_Entries supplied_.
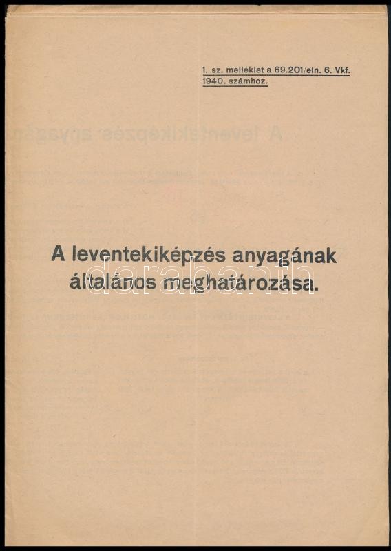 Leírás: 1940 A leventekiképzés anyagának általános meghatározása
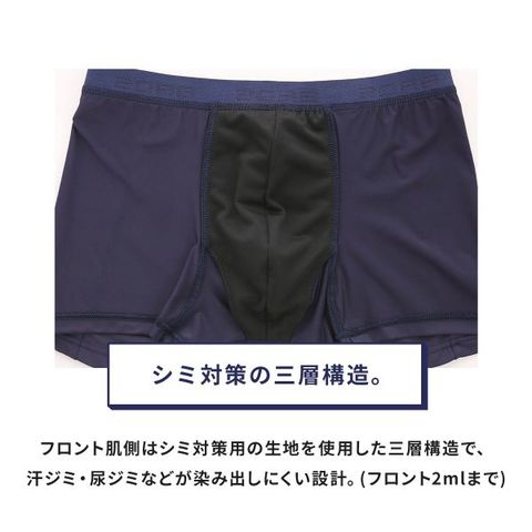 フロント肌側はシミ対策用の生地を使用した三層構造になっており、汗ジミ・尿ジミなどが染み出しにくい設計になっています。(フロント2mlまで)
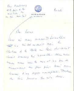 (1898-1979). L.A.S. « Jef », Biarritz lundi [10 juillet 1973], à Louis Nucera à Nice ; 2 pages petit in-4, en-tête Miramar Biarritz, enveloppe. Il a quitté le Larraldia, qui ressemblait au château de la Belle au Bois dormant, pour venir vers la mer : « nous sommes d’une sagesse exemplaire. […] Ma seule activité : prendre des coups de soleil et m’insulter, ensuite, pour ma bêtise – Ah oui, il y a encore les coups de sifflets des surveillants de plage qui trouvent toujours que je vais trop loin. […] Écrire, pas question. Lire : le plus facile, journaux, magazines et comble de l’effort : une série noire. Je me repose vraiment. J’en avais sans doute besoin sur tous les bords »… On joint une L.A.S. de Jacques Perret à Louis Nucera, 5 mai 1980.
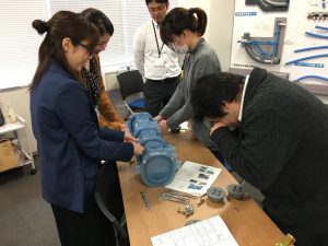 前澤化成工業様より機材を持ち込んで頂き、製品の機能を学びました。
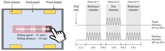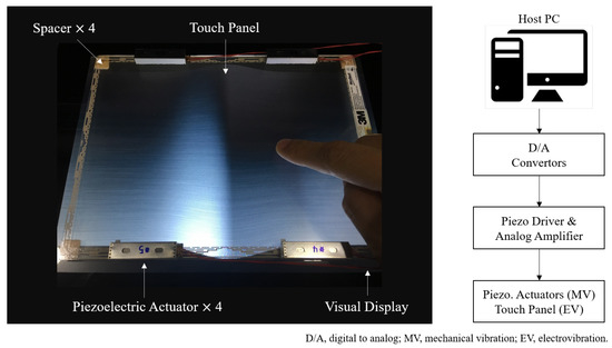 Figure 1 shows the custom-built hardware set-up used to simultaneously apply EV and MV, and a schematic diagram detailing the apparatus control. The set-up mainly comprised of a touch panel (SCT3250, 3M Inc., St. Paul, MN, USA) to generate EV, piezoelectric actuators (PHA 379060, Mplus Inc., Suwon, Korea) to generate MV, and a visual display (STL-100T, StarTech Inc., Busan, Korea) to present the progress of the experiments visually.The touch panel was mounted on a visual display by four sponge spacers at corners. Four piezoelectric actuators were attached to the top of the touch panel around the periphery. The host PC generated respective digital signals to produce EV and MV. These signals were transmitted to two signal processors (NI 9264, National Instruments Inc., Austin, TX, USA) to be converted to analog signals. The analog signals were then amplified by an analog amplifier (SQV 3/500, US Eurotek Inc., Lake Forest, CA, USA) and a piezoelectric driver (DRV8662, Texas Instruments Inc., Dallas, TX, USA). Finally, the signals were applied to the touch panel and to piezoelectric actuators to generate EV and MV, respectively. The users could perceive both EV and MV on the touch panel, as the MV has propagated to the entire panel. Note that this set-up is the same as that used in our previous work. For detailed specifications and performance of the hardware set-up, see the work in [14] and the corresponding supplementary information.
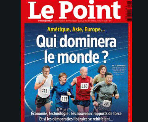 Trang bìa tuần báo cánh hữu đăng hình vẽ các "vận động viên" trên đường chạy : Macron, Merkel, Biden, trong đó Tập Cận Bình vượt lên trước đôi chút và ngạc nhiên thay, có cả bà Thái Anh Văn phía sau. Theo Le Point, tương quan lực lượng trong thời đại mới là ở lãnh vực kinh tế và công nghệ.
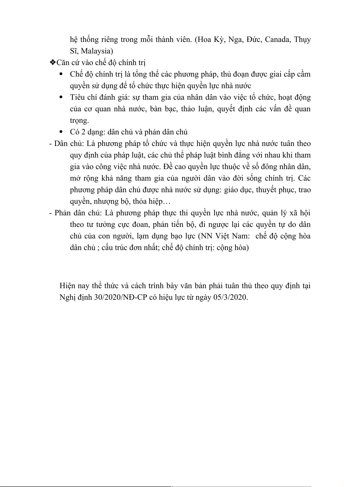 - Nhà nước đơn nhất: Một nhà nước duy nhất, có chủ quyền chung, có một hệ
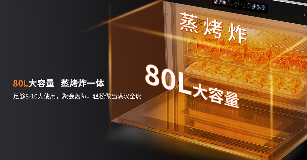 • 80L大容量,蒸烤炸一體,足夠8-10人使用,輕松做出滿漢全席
---
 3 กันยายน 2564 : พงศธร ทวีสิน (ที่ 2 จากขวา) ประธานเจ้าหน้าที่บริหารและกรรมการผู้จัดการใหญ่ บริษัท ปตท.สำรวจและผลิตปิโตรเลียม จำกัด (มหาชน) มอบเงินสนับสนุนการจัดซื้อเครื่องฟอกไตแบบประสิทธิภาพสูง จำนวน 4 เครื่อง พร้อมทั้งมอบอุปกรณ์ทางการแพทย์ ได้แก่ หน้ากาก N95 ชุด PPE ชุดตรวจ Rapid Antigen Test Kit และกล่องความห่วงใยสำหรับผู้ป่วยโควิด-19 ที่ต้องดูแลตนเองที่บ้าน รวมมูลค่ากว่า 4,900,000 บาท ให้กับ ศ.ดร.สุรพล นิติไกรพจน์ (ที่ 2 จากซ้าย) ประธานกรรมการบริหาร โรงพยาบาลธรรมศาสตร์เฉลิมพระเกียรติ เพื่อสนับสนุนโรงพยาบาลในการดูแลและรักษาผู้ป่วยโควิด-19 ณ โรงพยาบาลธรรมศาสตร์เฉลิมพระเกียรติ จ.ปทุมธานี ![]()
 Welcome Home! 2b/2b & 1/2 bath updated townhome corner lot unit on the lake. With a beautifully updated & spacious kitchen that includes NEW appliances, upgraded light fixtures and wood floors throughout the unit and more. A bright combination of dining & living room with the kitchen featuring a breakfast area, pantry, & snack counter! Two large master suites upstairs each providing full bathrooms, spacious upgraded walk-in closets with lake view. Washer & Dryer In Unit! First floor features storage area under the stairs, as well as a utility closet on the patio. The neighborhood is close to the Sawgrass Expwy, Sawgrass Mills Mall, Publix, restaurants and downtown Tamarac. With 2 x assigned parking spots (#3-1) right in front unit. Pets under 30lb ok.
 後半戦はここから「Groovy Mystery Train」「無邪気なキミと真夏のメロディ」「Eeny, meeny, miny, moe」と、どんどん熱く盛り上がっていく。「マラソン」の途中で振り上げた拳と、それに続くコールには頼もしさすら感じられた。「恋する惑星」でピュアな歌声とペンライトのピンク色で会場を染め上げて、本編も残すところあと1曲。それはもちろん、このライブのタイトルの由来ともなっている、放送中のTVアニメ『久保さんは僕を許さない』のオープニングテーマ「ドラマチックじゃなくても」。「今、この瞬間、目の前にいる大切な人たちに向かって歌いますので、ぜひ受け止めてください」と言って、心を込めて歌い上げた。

_Problem statement_.
Excluding any pictures, print exactly the lines of the listing above from the line with "Leírás: 1940 A" to the line with "5 mai 1980.", both ends included.

_Response to the exercise_.
 Leírás: 1940 A leventekiképzés anyagának általános meghatározása
 フロント肌側はシミ対策用の生地を使用した三層構造になっており、汗ジミ・尿ジミなどが染み出しにくい設計になっています。(フロント2mlまで)
 (1898-1979). L.A.S. « Jef », Biarritz lundi [10 juillet 1973], à Louis Nucera à Nice ; 2 pages petit in-4, en-tête Miramar Biarritz, enveloppe. Il a quitté le Larraldia, qui ressemblait au château de la Belle au Bois dormant, pour venir vers la mer : « nous sommes d’une sagesse exemplaire. […] Ma seule activité : prendre des coups de soleil et m’insulter, ensuite, pour ma bêtise – Ah oui, il y a encore les coups de sifflets des surveillants de plage qui trouvent toujours que je vais trop loin. […] Écrire, pas question. Lire : le plus facile, journaux, magazines et comble de l’effort : une série noire. Je me repose vraiment. J’en avais sans doute besoin sur tous les bords »… On joint une L.A.S. de Jacques Perret à Louis Nucera, 5 mai 1980.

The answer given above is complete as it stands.